→ **Material for this task**:
*-*-*

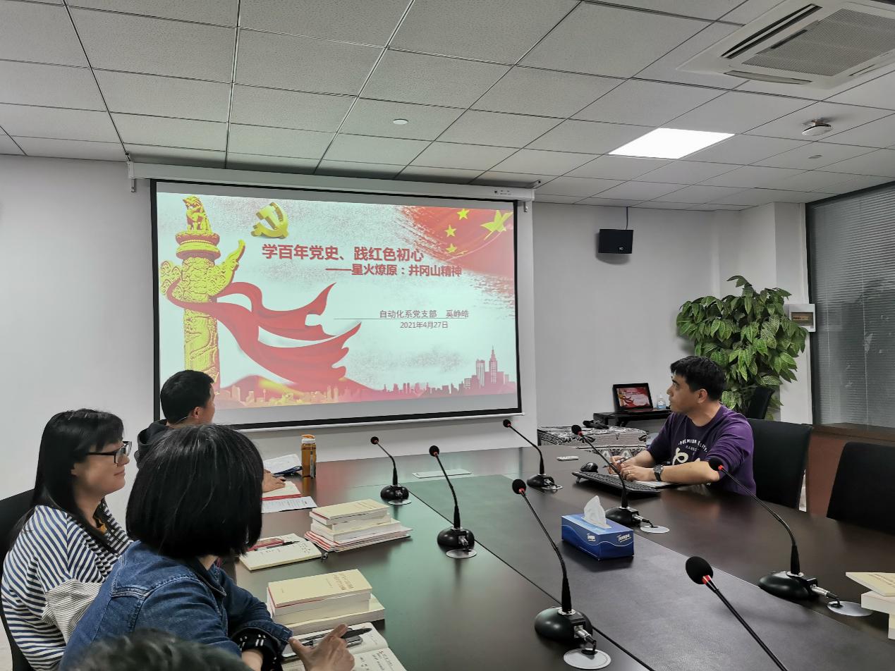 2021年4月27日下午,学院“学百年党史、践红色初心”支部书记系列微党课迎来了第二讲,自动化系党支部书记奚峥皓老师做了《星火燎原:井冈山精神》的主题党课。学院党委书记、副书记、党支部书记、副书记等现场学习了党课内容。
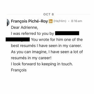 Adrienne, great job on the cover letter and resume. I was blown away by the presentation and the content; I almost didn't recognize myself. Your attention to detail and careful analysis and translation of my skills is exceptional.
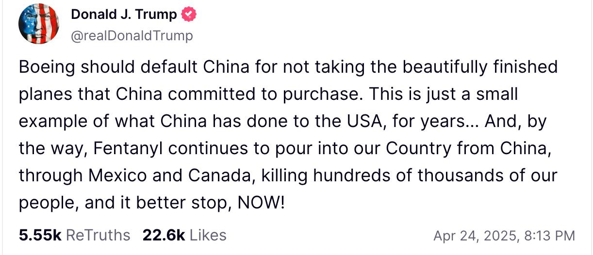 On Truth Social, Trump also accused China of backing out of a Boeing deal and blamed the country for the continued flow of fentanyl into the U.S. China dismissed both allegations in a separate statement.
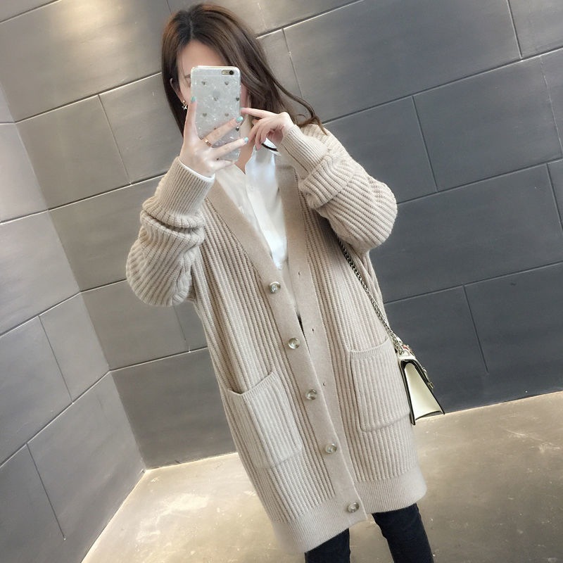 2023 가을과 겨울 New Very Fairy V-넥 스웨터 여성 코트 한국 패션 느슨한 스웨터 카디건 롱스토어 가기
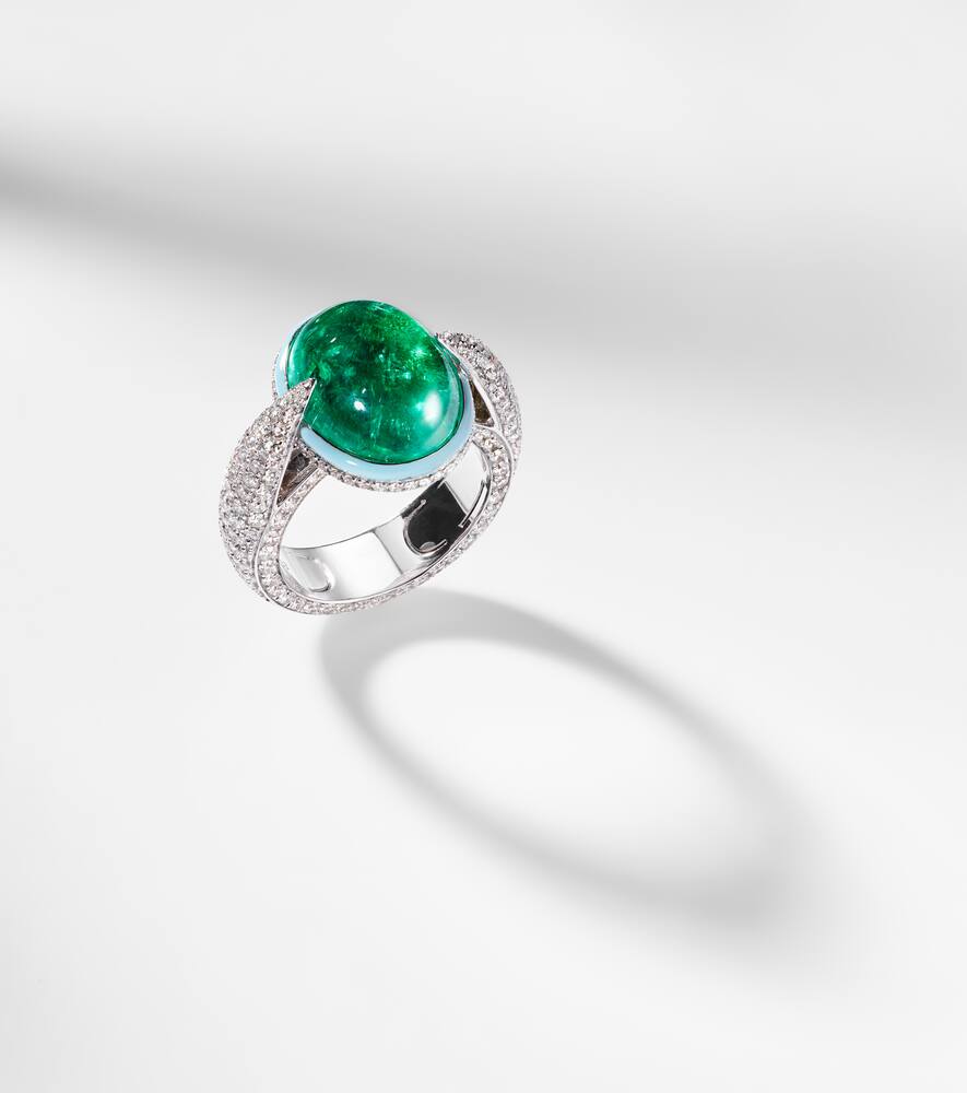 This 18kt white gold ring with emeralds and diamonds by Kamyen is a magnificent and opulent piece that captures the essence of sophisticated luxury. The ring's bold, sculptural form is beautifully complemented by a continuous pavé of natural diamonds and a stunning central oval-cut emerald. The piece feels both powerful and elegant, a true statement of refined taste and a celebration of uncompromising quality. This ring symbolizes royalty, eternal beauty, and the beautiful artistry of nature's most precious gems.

*-*-*

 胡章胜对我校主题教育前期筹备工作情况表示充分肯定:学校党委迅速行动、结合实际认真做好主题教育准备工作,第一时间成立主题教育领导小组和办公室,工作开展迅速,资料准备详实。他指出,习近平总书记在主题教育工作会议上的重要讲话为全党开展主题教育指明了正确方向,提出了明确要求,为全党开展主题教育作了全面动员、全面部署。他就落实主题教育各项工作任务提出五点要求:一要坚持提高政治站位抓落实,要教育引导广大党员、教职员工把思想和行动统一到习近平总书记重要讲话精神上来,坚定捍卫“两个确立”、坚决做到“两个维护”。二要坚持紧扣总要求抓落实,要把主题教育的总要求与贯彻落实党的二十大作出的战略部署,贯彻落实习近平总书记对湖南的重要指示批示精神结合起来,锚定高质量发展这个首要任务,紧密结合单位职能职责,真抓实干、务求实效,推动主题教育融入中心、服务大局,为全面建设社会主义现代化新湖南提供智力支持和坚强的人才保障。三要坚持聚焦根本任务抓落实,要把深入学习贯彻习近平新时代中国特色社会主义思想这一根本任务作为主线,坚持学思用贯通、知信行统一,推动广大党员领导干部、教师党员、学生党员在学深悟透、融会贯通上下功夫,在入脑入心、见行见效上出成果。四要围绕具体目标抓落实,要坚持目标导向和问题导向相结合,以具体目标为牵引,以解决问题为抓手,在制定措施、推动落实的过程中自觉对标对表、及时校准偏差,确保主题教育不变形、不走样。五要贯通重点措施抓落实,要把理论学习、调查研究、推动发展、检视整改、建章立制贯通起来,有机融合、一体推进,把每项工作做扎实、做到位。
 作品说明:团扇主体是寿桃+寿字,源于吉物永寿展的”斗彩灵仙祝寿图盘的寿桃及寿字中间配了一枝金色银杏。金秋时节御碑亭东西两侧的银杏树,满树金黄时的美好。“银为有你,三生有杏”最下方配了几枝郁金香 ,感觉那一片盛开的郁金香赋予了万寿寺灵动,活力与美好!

*-*-*

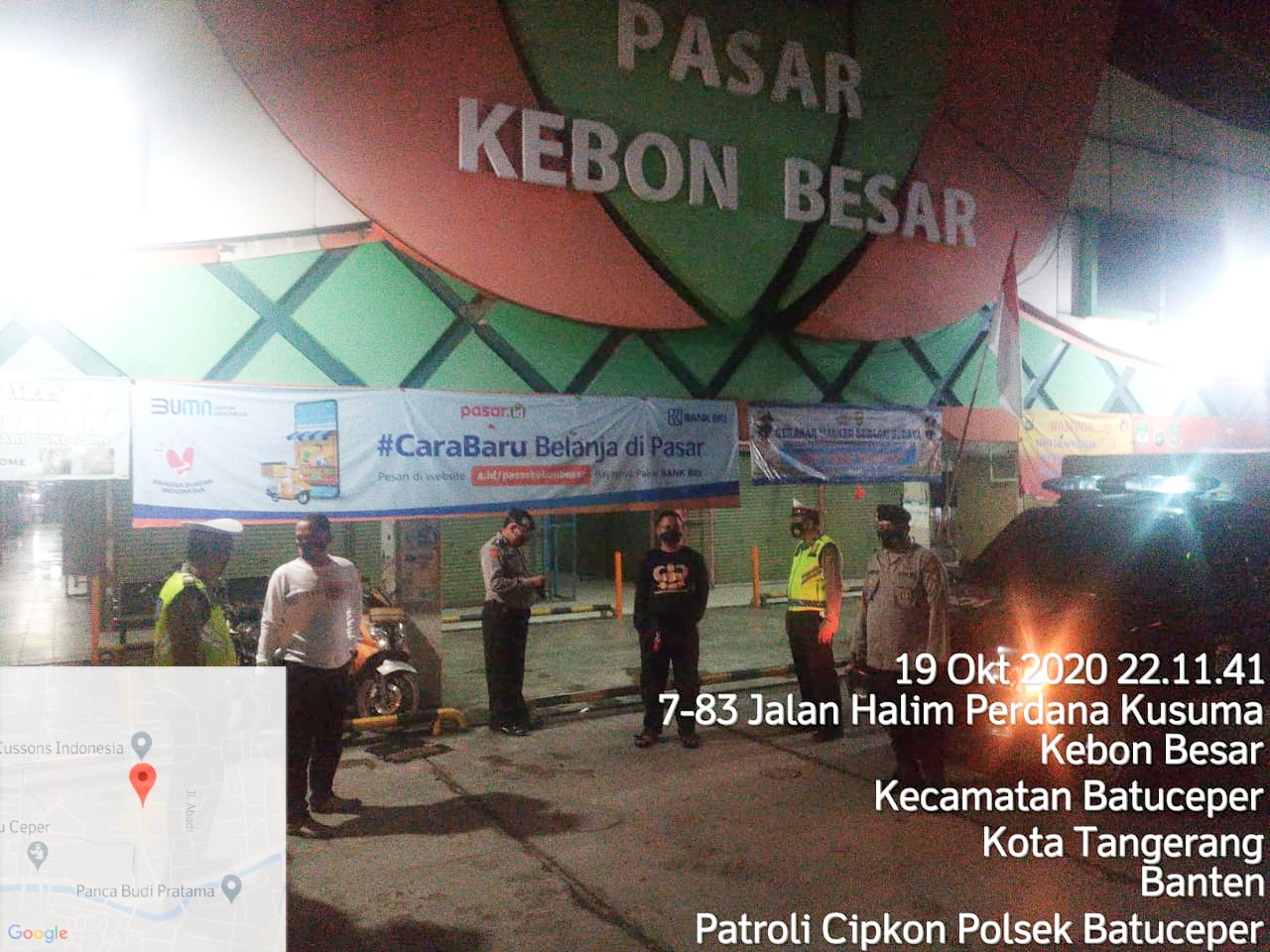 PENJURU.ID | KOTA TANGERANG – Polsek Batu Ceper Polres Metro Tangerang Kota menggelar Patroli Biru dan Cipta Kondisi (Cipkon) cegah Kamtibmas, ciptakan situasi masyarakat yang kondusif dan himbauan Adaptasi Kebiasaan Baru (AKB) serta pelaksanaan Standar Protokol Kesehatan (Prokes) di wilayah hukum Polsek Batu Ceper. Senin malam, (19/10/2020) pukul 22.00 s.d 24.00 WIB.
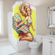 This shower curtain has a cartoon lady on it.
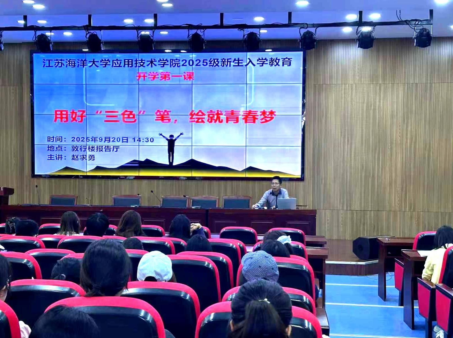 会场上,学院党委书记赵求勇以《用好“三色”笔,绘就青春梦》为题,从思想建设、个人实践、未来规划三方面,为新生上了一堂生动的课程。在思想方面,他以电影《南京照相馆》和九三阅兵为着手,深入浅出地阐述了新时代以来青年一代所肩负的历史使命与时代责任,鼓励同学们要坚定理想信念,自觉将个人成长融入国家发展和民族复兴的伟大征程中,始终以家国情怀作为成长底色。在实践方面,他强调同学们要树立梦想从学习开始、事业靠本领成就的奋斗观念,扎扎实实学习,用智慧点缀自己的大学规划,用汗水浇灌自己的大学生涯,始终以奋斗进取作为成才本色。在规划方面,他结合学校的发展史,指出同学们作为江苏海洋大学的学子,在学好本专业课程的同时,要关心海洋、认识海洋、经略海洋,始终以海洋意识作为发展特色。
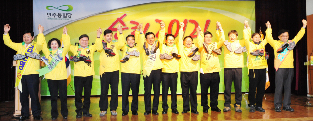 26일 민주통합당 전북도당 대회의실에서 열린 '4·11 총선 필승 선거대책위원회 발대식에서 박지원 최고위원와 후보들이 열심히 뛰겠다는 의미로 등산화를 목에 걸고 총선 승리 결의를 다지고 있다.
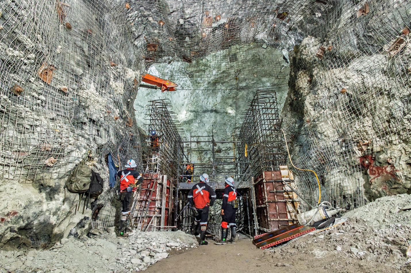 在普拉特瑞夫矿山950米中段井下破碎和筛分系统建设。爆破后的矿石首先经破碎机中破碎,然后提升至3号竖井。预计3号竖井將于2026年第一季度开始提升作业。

*-*-*

Set the pictures aside and reproduce exactly the lines above, from the line holding "2021年4月27日下午,学" through the line holding "This 18kt white", both included, with nothing else.

→ **Your response**:
 2021年4月27日下午,学院“学百年党史、践红色初心”支部书记系列微党课迎来了第二讲,自动化系党支部书记奚峥皓老师做了《星火燎原:井冈山精神》的主题党课。学院党委书记、副书记、党支部书记、副书记等现场学习了党课内容。
 Adrienne, great job on the cover letter and resume. I was blown away by the presentation and the content; I almost didn't recognize myself. Your attention to detail and careful analysis and translation of my skills is exceptional.
 On Truth Social, Trump also accused China of backing out of a Boeing deal and blamed the country for the continued flow of fentanyl into the U.S. China dismissed both allegations in a separate statement.
 2023 가을과 겨울 New Very Fairy V-넥 스웨터 여성 코트 한국 패션 느슨한 스웨터 카디건 롱스토어 가기
 This 18kt white gold ring with emeralds and diamonds by Kamyen is a magnificent and opulent piece that captures the essence of sophisticated luxury. The ring's bold, sculptural form is beautifully complemented by a continuous pavé of natural diamonds and a stunning central oval-cut emerald. The piece feels both powerful and elegant, a true statement of refined taste and a celebration of uncompromising quality. This ring symbolizes royalty, eternal beauty, and the beautiful artistry of nature's most precious gems.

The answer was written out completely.